In 1996, the Boitel family joined Thiérrée and performed at Indre-et-Loire, where Raphaëlle Boitel was small enough to contort herself into a tiny box. She first toured internationally in 1998, in a major role in Thiérrée's La Symphonie du Hanneton (The Junebug Symphony), when she was 13 years old. She appeared as a contortionist (described by a Los Angeles Times critic as "boneless"), did acrobatics on a rope and on the trapeze. Her mother Lilou toured with the company, where she did costume design, and made sure Boitel continued her schooling by correspondence.
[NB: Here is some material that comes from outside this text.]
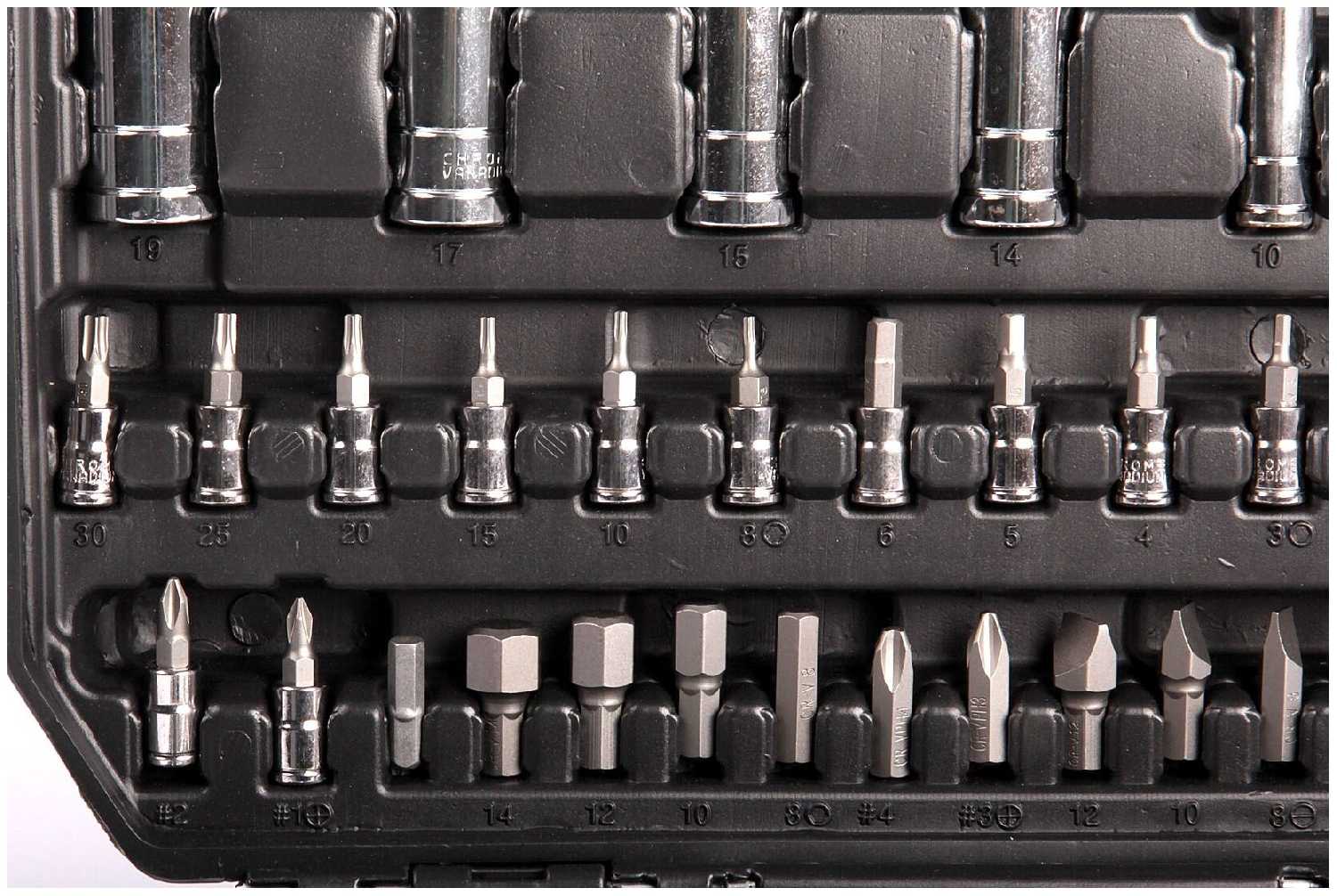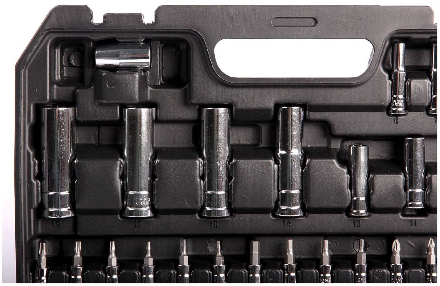 - Отделение для удлинителей и переходников упрощает поиск нужного инструмента во время ремонта.

La Symphonie du Hanneton toured until 2005, after which Boitel continued to perform internationally in other works, including Graham Eatough's Futurology:A Global Revue in 2007, and Spiegelworld's Desir in 2008. Then she returned to join Thiérrée in La Veillée des Abysses (Bright Abyss) until 2010.

=== Director ===
Boitel founded her own performance company, Cie L'Oublié(e), in 2012. The first work she directed for the company was also called L'Oublié(e) (The Forgotten) in 2016. It was a combination of theatre, circus arts, and dance, about a woman going through three ages while searching for the man she loves, played by Boitel, her sister Alice, and their mother Lilou. In addition, brother Silvère was sound director, and Lilou did costume design.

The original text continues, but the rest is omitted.